(Directions for this task)
In your copy of the listing below, reproduce each word exactly and include no pictures.

(Supplied material)
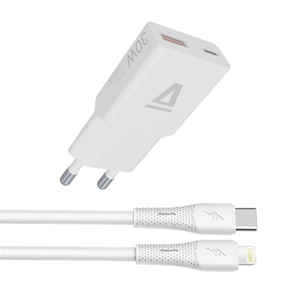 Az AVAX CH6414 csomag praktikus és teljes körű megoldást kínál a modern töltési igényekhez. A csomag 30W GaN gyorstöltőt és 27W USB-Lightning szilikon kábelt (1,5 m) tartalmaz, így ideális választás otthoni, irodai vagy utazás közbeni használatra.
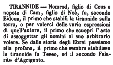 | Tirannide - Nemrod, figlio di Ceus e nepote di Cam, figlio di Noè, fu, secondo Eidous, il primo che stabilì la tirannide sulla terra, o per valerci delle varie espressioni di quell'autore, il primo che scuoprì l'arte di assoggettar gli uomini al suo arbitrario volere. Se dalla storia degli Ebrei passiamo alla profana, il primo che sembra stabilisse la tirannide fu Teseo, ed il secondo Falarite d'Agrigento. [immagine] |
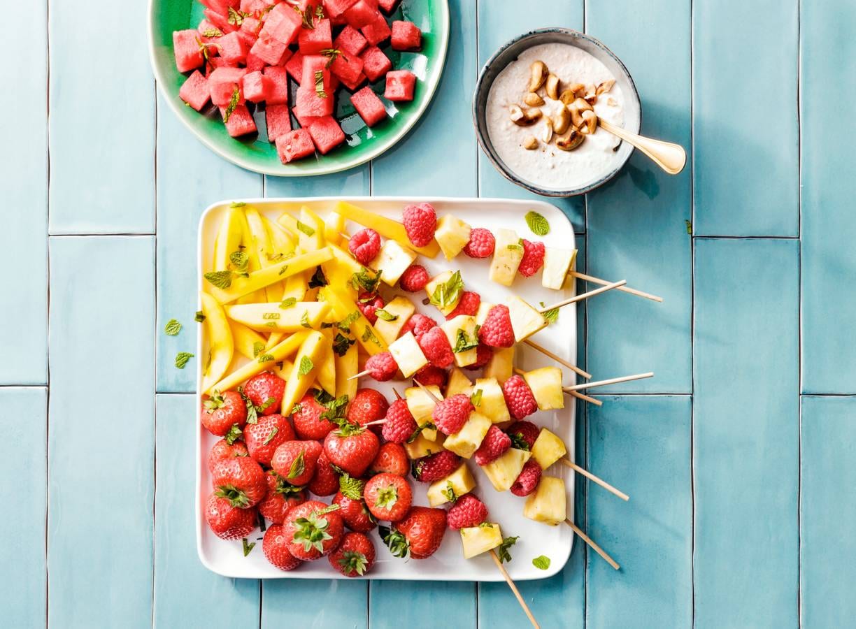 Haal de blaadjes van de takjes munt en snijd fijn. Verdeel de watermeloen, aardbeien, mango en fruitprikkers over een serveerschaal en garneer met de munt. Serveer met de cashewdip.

(Exercise answer)
 Az AVAX CH6414 csomag praktikus és teljes körű megoldást kínál a modern töltési igényekhez. A csomag 30W GaN gyorstöltőt és 27W USB-Lightning szilikon kábelt (1,5 m) tartalmaz, így ideális választás otthoni, irodai vagy utazás közbeni használatra.
 | Tirannide - Nemrod, figlio di Ceus e nepote di Cam, figlio di Noè, fu, secondo Eidous, il primo che stabilì la tirannide sulla terra, o per valerci delle varie espressioni di quell'autore, il primo che scuoprì l'arte di assoggettar gli uomini al suo arbitrario volere. Se dalla storia degli Ebrei passiamo alla profana, il primo che sembra stabilisse la tirannide fu Teseo, ed il secondo Falarite d'Agrigento. [immagine] |
 Haal de blaadjes van de takjes munt en snijd fijn. Verdeel de watermeloen, aardbeien, mango en fruitprikkers over een serveerschaal en garneer met de munt. Serveer met de cashewdip.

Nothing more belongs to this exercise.